Today we’re talking about a very exciting and sexy topic: contract policies! I know, you’re probably not jumping out of your skin with excitement, but hear me out. This is super important, and you never know when it might benefit you or your client in some way.
Example 1: You are halfway through a project when you come down with the flu. You are bedridden for days, and the client demands their money back. What do you do?
Example 2: You haven’t started the project yet, but the client has a family emergency and needs the money back. What do you do?
These are just a few examples of why policies are so important for session musicians (or any freelancer, really), so let’s get into a few important policies you need as a session musician!
Session Musician Policies
If you work through a professional studio or organization, there are likely company policies that handle a lot of these. If you’re a solo session musician, however, I highly recommend you have these! I will tell you my own policies just in case you’re not sure what you need, but it’s important to tailor these to your own business eventually.
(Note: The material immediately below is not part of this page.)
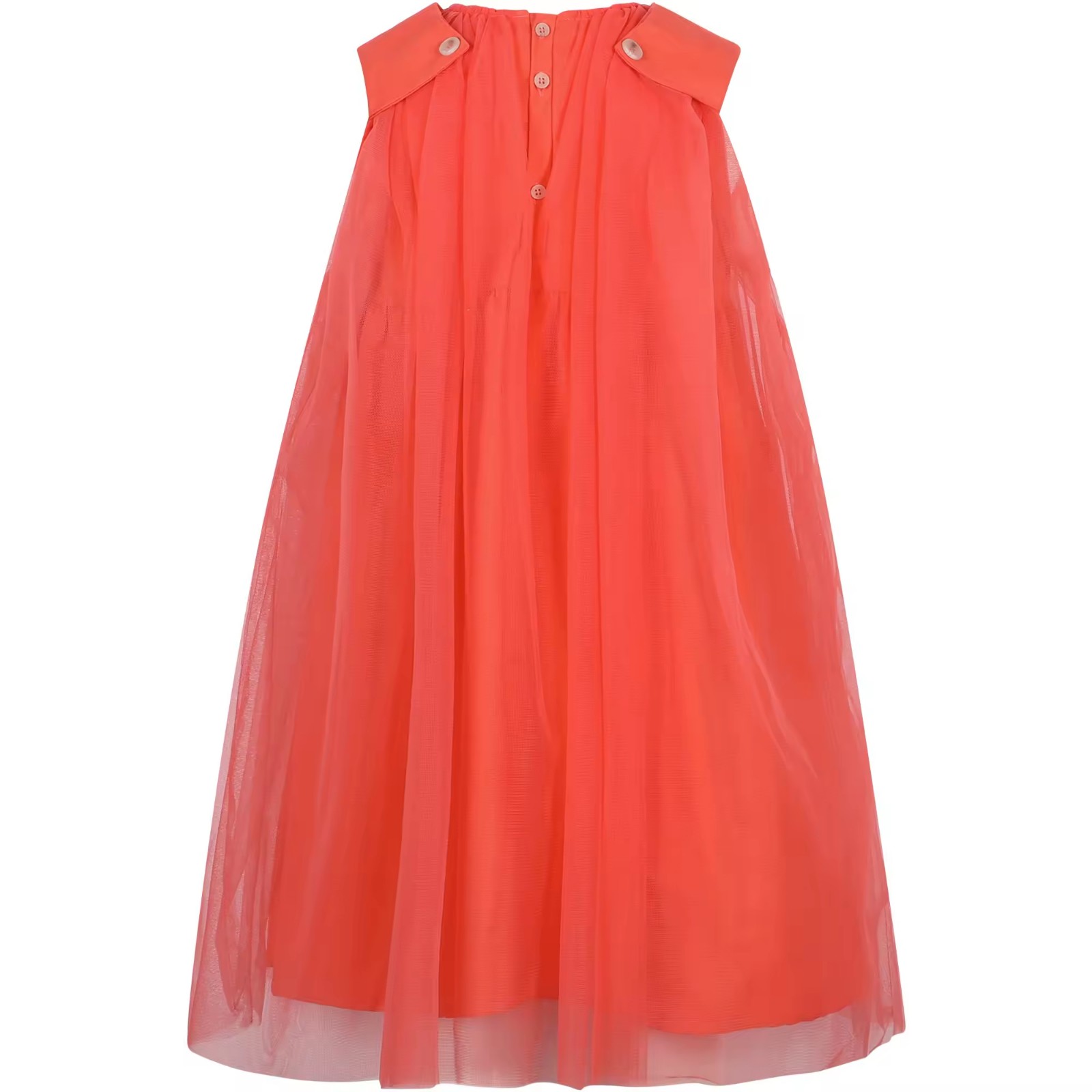 Customized European Style Girls' Dress with Red Round Collar ODM Supply Chiffon Fabric for Children
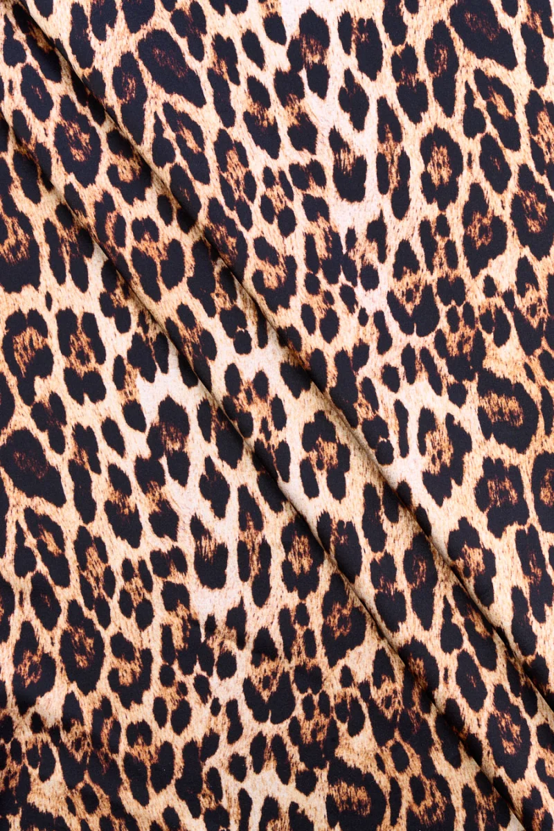 Italienischer Seidensatin mit Leopardenmuster in Schwarz und Braun auf beigem Hintergrund. Der Stoff ist weich, elastisch und fällt wunderbar. Ein fantastisches Angebot für Fans zeitloser Tiermuster.

What worked for me may not work for you or your clients.
1). Cancellation Policy
This is for both you and your client. What happens if you or they need to cancel? How much time or notice do you need to have? Will any of their payment be refunded? I start working on projects pretty quickly, so I let clients know that if they need to cancel and I’ve already started, part of their payment will not be refunded. Time is money, right? If they aren’t sure if they’ll need to cancel, I ask them to let me know up front so I know to wait a certain time before starting. If I haven’t started yet, I usually provide a full refund. There are MANY ways to work a Cancellation Policy and every creative freelancer tends to have a different opinion on it, so use what works for you!
2). Refund Policy
There are two reasons to offer a refund: 1). If the client cancels (see above), or 2). If the client is unsatisfied with your work. The latter is a bummer for sure, but it’s important to plan for things like this. Not everyone will be thrilled with what you do, and some people are just determined to be jerks. What I did was have a strong Edit/Revision Policy (see below), and if we still couldn’t reach an agreement, I would refund part of their payment. The only time I ever refunded a full payment was if they cancelled before I started. Your time is valuable so don’t feel like you shouldn’t get paid! If you’re worried about a client going ballistic and leaving you negative reviews, you’ll have your policies in place to ensure that the client knew up front what was happening.
You also have the option with a refund policy to not let the client use the work you’ve done. This can be difficult if you’ve already turned it over or if you recorded it at their studio, but it is an option. I very rarely had to give a refund so I don’t want to scare you into thinking it’s an everyday occurrence, but it’s an important policy to have in place!
3). Edit/Revision Policy
This is typically what will save you from having to give a refund. It’s up to you how many revisions you will provide, but I usually kept the cutoff at three. Some people only provide one. What you don’t want is someone who nitpicks the tiniest little things and is still contacting you months later to make changes. You should also have a timeframe where no further edits will be given without a fee. For example, they get X amount of edits before closing the project, but after X weeks, the project is closed and any additional edits will be a fee of $X.
4). Turnaround Time Policy
This ensures that the client will get a timely delivery, and that you get the amount of time needed to complete the project without being hounded about it. I can’t give a lot of advice here because it depends on your schedule, but the average is between 3 days to a week. If you don’t record yourself, you may have to add extra time to ensure that the studio can fit you into their schedule.
This is more for the clients, to assure them that you will not share any of their work without their permission. You can be more detailed here if you like. For example, I often share clients’ finished songs on my social media pages. They enjoy the extra publicity and it’s a great way to connect with others to show them what I’ve been working on. You can add this into your policy if you like. I would not ever share songs without the clients’ permission, so this would be a good way to broach that topic.
6). Work For Hire Release
Many clients ask for this up front, but it’s good to have one ready. There are generic templates here or you can use them as a guide to create your own.
Do I Need a Lawyer to Make or Review These?
It never hurts to have a pair of legal eyes on a document, but I don’t think you need one. Most clients accept policies as binding and if they don’t, you can get a lawyer at that point. Please keep in mind, though, that I am not a lawyer. I’m giving you advice that has helped me in my career in the hopes that it will help you. I am not giving you legal advice, so if you feel like you might need a lawyer, go for it.
Communication is so important as a session musician. So important, in fact, that I wrote a whole book on it. It’s geared toward songwriters, but it will help you understand what you need from them. If you want to check it out, it’s right here!
I am also currently giving private consultations for session musicians. We can talk about whatever you like, whether it’s policies, recording, or any other aspect of running a session business. Feel free to contact me about it here!
I hope this gives you a head start on your session musician policies! Just remember that these are designed to help both you and your clients, and they will make you seem much more professional.